O Ministério da Educação (MEC) aplicou sanções a mais de 50 cursos de medicina após desempenho insatisfatório no Exame Nacional de Avaliação da Formação Médica (Enamed) de 2025. As medidas, publicadas nesta semana no Diário Oficial da União (DOU), vão de suspensão de ingresso de novos alunos a restrições ao Prouni e ao Fies.

Segundo o MEC, a decisão considerou a avaliação de 351 cursos. As instituições punidas obtiveram notas 1 e 2, em escala de 1 a 5, e o nível de sanção variou conforme o percentual de estudantes considerados proficientes em cada unidade, com diferentes medidas cautelares definidas por grupos.

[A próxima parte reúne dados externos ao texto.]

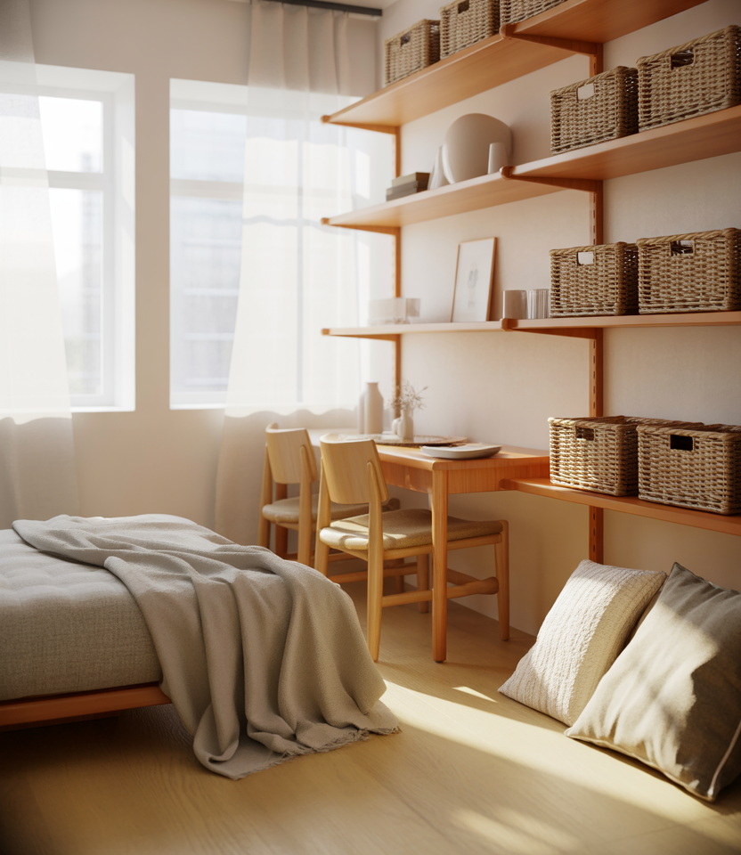 This idea blends Scandinavian-inspired calm with small space organization ideas that feel light, not utilitarian. Pale wood shelves, soft baskets, and clean lines help a small studio stay visually open while still holding everyday items. Everything looks intentional, even when storage is doing the heavy lifting.
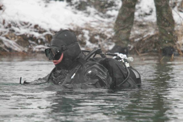 Potápači seredského ženijného práporu, ktorí končia etapu výcviku zimné potápanie na bagrovisku Čierna Voda privítali medzi sebou aj tak trochu netradičného kolegu. Do vody, ktorá mala teplotu dva stupne s nimi šiel aj veliteľ pozemných síl brigádny generál Ondřej Novosad, ktorý pôvodne začínal svoju vojenskú kariéru ako ženista a dodnes je aktívny potápač.
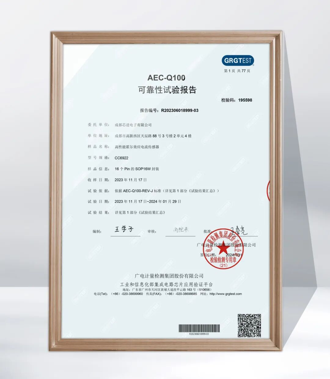 近日,芯進電子推出的高性能電流傳感器CC6922,順利通過廣電計量平臺AEC-Q100車規級可靠性認證。
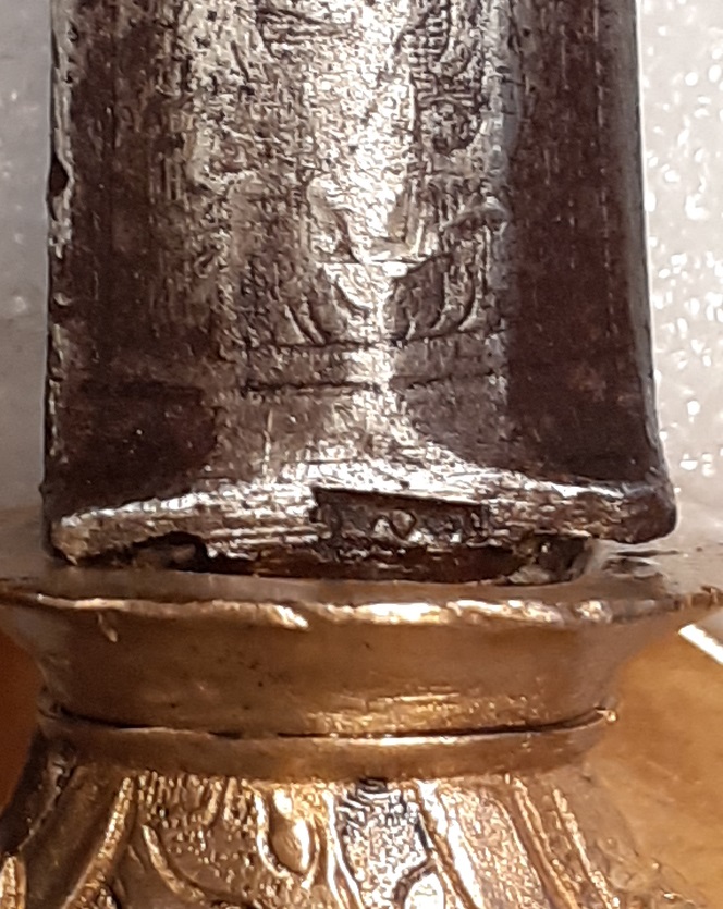 Als Herstellerzeichen ist die Krone eines Königskopfs ersichtlich, was in jener Zeit auf Peter Wundes (geb. ca. 1679, gest. 1755) in Solingen hindeutet.
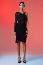 Элегантное платье прямого кроя черного цвета выполнено из воздушной сетчатой ткани с прозрачными рукавами, придающими образу лёгкую игривость. Мягкая вискозная подкладка обеспечивает комфорт, сохраняя при этом эффект полупрозрачности. Универсальный черный цвет делает платье идеальным для базового гардероба.
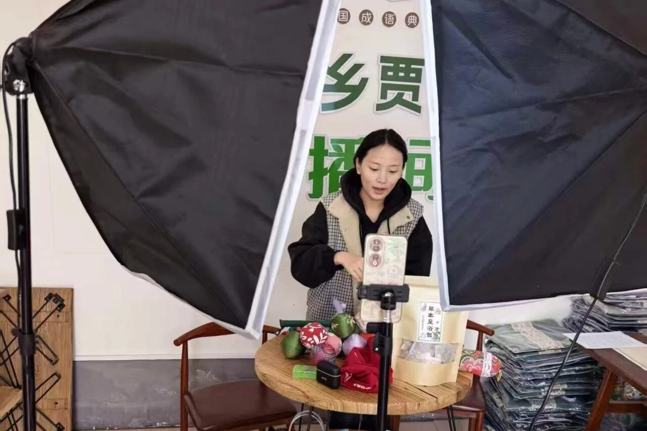 在大河道乡贾庄村直播现场,贾庄村干部贾梦鑫现场演示:艾草锤轻敲肩颈;健康甩打袋轻挥腰背;艾草泡脚包融入温热水中,淡淡艾香萦绕。她用朴实生动的语言、鲜活真实的场景展示,将家乡好物搬上“云端”,充分展现了基层干部敢闯敢试、积极向上的精神风貌。
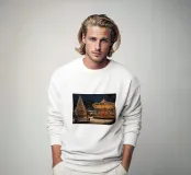 Una festosa immagine invernale che cattura la magia della stagione natalizia: una giostra illuminata gira su una piazza innevata mentre fiocchi di neve cadono delicatamente dal cielo notturno. Accanto ad essa si erge un albero di Natale magnificamente decorato, le cui luci scintillano a tempo con la giostra. La gente si gode l'atmosfera allegra, i bambini ridono e c'è la neve su una panchina: un momento di pura gioia natalizia in un'atmosfera pittoresca.
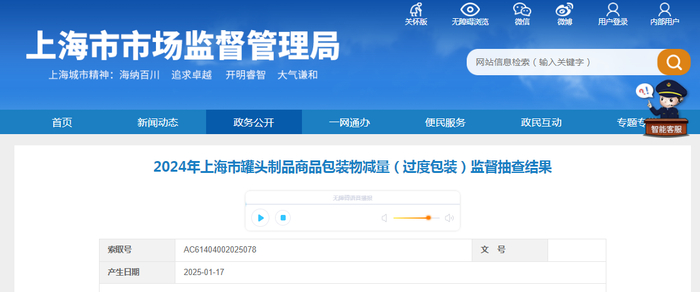 2024年上海市罐头制品商品包装物减量(过度包装)监督抽查结果
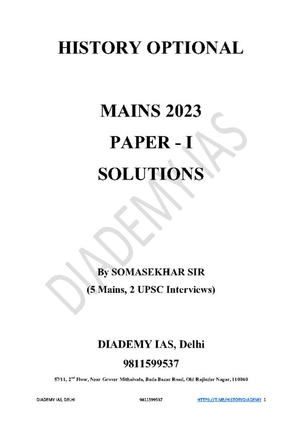 Diademy Ias History Optional 5 Years PYQ Previous Solutions Paper 1 & 2 English Medium
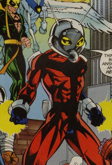 -Insect Communication and Control: Rm ability to command ants and other insects. He often rode a flying ant (Fe Flying speed) and could command swarms of insects to attack foes (causing only Pr damage but forcing the opponent to make a Green Psyche FEAT. to ignore the pesky bugs). As a power stunt, he could also instruct his entomical friends to arrange in patterns which could spell out messages.
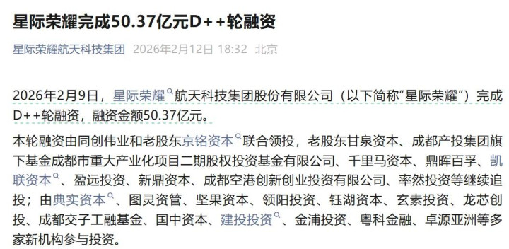 2026开首,营业航天就掀翻一波成本激越!刚刚!民营火箭公司中最大一笔融资出现了。

De acordo com o MEC, as instituições foram divididas em grupos com punições proporcionais aos resultados. No Grupo 1, com nota 1 e menos de 30% de proficiência, houve suspensão imediata de novos alunos, proibição de novas vagas, abertura de supervisão e suspensão da possibilidade de celebrar contratos do Fies e de outros programas federais de acesso ao ensino.

Divisão das sanções

Segundo o MEC, a medida do Grupo 1 atingiu Universidade Estácio de Sá, União das Faculdades dos Grandes Lagos, Centro Universitário de Adamantina, Faculdade de Dracena, Centro Universitário Alfredo Nasser, Faculdade Metropolitana e Centro Universitário Uninorte.

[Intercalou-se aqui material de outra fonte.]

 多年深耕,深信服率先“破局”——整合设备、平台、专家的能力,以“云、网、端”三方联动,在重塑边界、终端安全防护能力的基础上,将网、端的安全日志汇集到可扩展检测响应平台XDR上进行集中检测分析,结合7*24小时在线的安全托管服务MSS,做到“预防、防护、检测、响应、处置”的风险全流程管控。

No Grupo 2, com nota 1 e proficiência entre 30% e 40%, foi determinada redução de 50% das vagas autorizadas e impedimento de expansão, além de proibição de contratos do Fies e restrição à participação em programas federais, conforme as portarias publicadas no DOU.

Segundo o MEC, estão no Grupo 2: Centro Universitário Presidente Antônio Carlos; Universidade Brasil; Universidade do Contestado; Universidade de Mogi das Cruzes; Universidade Nilton Lins; Centro Universitário de Goiatuba; Centro Universitário das Américas; Faculdade da Saúde e Ecologia Humana; Centro Universitário CEUNI (Fametro); Faculdade São Leopoldo Mandic de Araras; Faculdade Estácio de Jaraguá do Sul e Faculdade Zarns (Itumbiara).

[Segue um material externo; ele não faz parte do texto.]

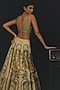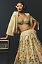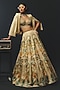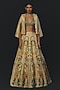 Featuring a beige lehenga in tussar, tissue and linen satin base. It is paired with a blouse, a scarf and an overlay jacket. Style with metallic or pump heels, statement earrings and a leather clutch for a complete look, perfect for cocktail parties, evening events or sangeet celebrations.
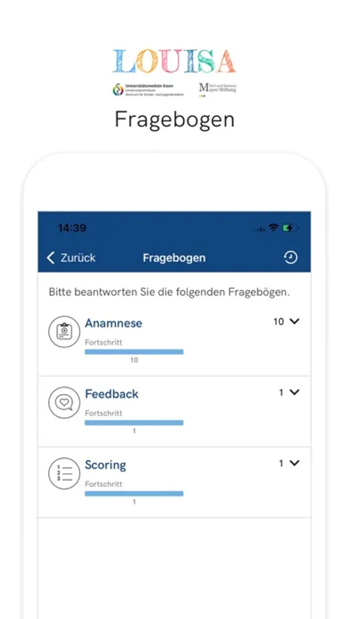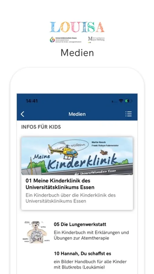 Die LOUISA-App begleitet Kinder und Jugendliche, sowie ihre Angehörigen vor, während und nach einem Klinikaufenthalt. LOUISA unterstützt euch durch kindgerechte Informationen und ermöglicht einen engen Austausch mit deinem Behandlungsteam im Zentrum für Kinder- & Jugendmedizin am Universitätsklinikum Essen.
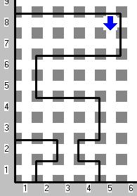 en donde puede haber cualquier cantidad de calles y cualquier ancho en las avenidas (siempre cerrado el circuito y sin "islas" o bifurcaciones),deje en la esquina izquierda más inferior (2,1 en el ejemplo), tantos zumbadores como número de calles de ancho 1 que hay, Karel lleva infinitos zumbadores en su mochila. En resultado del ejemplo es 3.
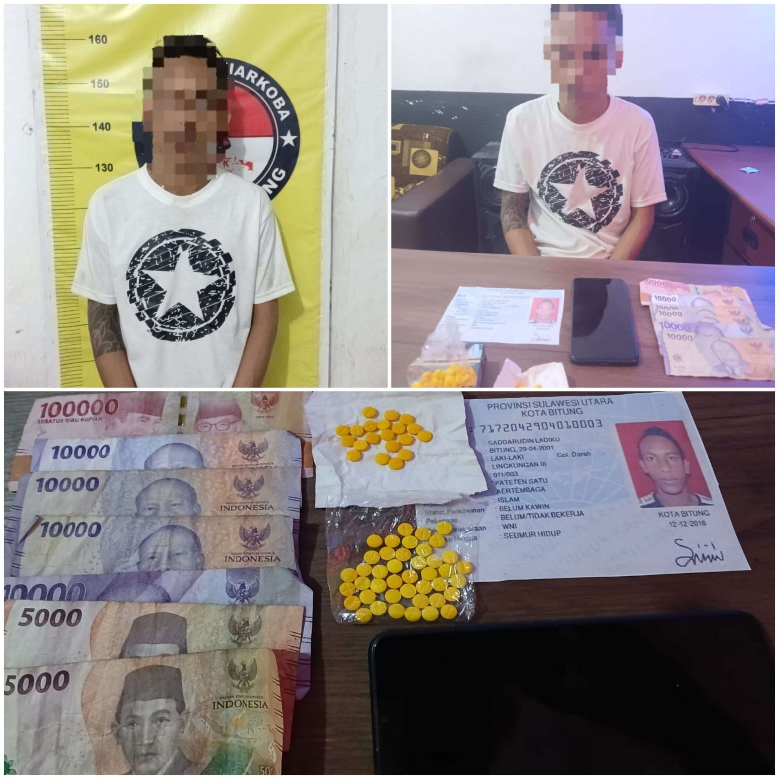 Setelah pemeriksaan, ditemukan 20 butir Trihexyphenidyl dalam kepemilikan Dilla. Dari pengembangan kasus, tim berhasil menangkap Dimas di Kelurahan Girian Bawah pada pukul 23.00 WITA. Pelaku mengaku telah menjual obat tersebut seharga Rp10.000 per butir dan masih menyimpan 42 butir lagi di rumahnya.

Conforme o Grupo 3, com nota 2 e proficiência entre 40% e 50%, o MEC determinou redução de 25% das vagas e restrições a programas federais de financiamento. A lista inclui instituições de diferentes estados, com medidas definidas na publicação oficial.

Foram citadas: Faculdade de Filosofia, Ciências e Letras de Penápolis; Universidade de Ribeirão Preto; Universidade Iguaçu; Universidade Santo Amaro; Universidade de Marília; Universidade Paranaense; Afya Universidade Unigranrio; Centro Universitário Serra dos Órgãos; Universidade de Cuiabá; Centro Universitário Maurício de Nassau de Barreiras; Centro Universitário Estácio de Ribeirão Preto; Afya Centro Universitário de Porto Velho.

Também: Centro Universitário Ingá; Faculdade de Medicina Nova Esperança; Afya Faculdade de Ciências Médicas da Paraíba; Faculdade Atitus Educação Passo Fundo; Afya Centro Universitário de Itaperuna; Centro Universitário Maurício de Nassau; Faculdade Morgana Potrich; Afya Faculdade de Porto Nacional; Faculdade Uninassau Vilhena; Centro Universitário Famesc; Faculdade de Medicina de Olinda; Faculdade Estácio de Alagoinhas; Faculdade Atenas Passos; Faculdade Estácio de Juazeiro; Afya Faculdade de Ciências Médicas de Jaboatão dos Guararapes; Faculdade Unicesumar de Corumbá; Faculdade Estácio de Canindé e Afya Faculdade de Ciências Médicas de Santa Inês.

Além dos grupos com sanções, o MEC informou que outras 40 graduações de medicina com nota 2 e proficiência acima de 50% entraram em processo de supervisão e monitoramento, sem punições imediatas, com garantia do direito de defesa.

O MEC também incluiu instituições públicas na lista. As universidades federais do Pará (UFPA), do Maranhão (UFMA), da Integração Latino-Americana (Unila) e do Sul da Bahia (UFSB) responderão a processos de supervisão, e a UFPA teve sanção imediata com corte de 50% das vagas.

Segundo o MEC, as cautelares podem ser revistas, prorrogadas ou agravadas com base nos resultados do Enamed 2026.